## WHAT THE TASK ASKS
From the line containing "En 2024, durante" through the end of the entries, please repeat every line exactly and nothing more; the pictures do not belong in the copy.

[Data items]
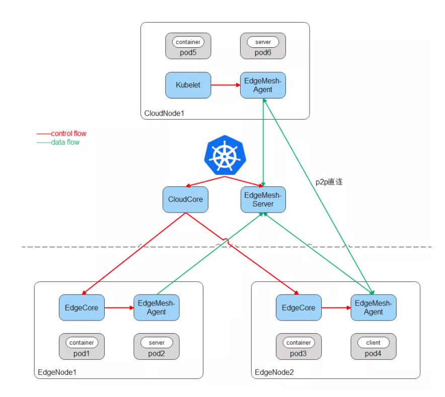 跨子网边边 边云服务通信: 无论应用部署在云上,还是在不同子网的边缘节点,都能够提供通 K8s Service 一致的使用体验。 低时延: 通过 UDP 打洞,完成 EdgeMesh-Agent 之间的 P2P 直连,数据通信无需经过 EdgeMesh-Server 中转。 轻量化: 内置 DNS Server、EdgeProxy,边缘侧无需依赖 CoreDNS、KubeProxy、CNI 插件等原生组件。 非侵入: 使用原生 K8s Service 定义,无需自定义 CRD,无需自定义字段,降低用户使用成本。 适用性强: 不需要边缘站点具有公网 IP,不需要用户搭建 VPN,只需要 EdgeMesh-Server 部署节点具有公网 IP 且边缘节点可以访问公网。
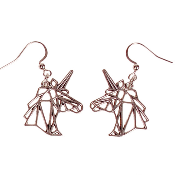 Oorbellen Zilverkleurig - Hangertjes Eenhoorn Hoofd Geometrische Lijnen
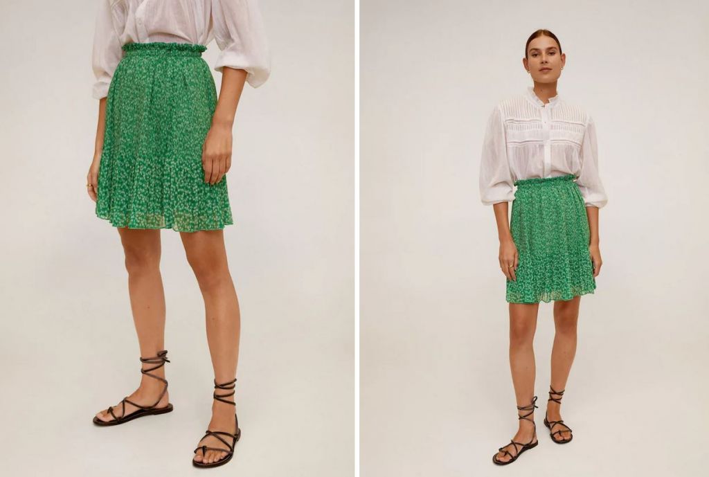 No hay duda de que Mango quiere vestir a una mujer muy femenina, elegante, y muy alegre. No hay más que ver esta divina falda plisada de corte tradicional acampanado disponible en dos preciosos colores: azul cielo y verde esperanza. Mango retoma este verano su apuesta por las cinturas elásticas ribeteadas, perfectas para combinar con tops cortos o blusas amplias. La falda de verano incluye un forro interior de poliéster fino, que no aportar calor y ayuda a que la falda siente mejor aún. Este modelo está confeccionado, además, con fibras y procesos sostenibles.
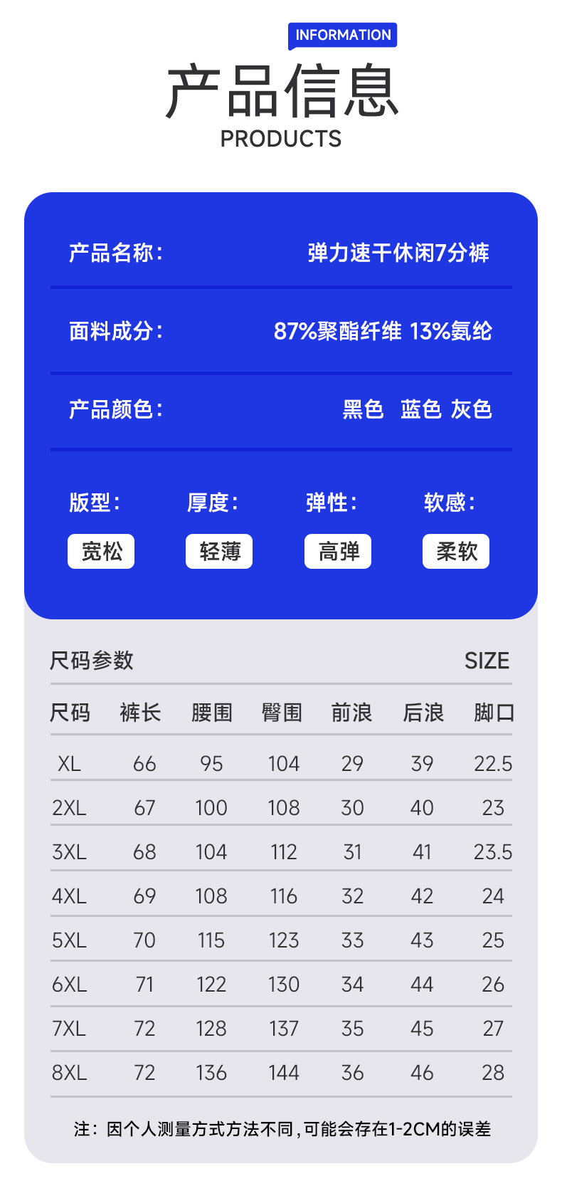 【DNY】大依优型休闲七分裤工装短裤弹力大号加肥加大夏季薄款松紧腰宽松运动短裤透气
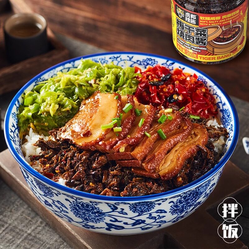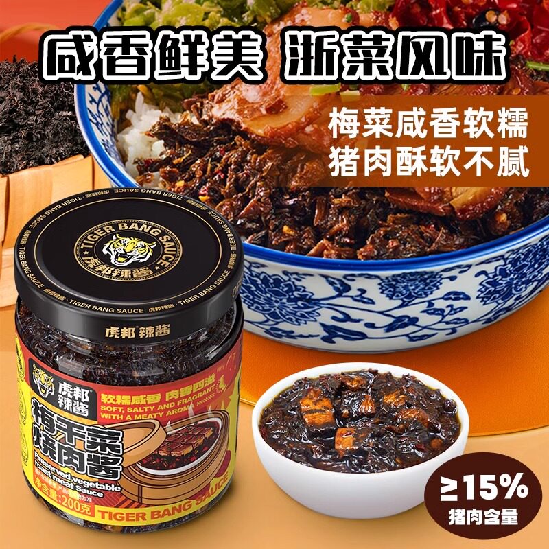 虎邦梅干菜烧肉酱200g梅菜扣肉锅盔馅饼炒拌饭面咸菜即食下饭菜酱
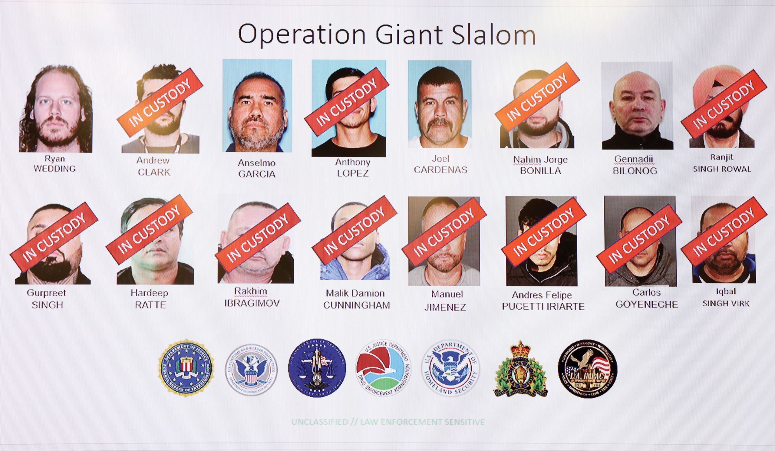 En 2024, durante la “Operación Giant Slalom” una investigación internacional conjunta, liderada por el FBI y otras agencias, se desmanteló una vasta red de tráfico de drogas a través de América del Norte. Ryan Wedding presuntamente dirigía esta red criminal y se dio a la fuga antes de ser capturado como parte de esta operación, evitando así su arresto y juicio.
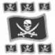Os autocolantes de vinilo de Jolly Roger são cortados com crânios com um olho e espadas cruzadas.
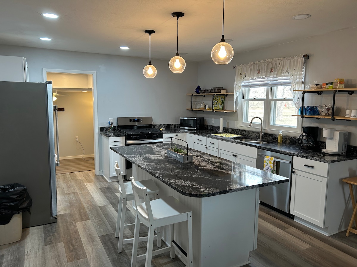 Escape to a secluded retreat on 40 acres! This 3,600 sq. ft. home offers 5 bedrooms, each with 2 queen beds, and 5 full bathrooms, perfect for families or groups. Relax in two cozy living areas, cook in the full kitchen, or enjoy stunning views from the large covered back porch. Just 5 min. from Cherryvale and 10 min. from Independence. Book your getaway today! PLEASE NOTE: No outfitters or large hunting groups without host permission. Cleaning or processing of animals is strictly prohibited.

## EXPECTED OUTPUT
 En 2024, durante la “Operación Giant Slalom” una investigación internacional conjunta, liderada por el FBI y otras agencias, se desmanteló una vasta red de tráfico de drogas a través de América del Norte. Ryan Wedding presuntamente dirigía esta red criminal y se dio a la fuga antes de ser capturado como parte de esta operación, evitando así su arresto y juicio.
Os autocolantes de vinilo de Jolly Roger são cortados com crânios com um olho e espadas cruzadas.
 Escape to a secluded retreat on 40 acres! This 3,600 sq. ft. home offers 5 bedrooms, each with 2 queen beds, and 5 full bathrooms, perfect for families or groups. Relax in two cozy living areas, cook in the full kitchen, or enjoy stunning views from the large covered back porch. Just 5 min. from Cherryvale and 10 min. from Independence. Book your getaway today! PLEASE NOTE: No outfitters or large hunting groups without host permission. Cleaning or processing of animals is strictly prohibited.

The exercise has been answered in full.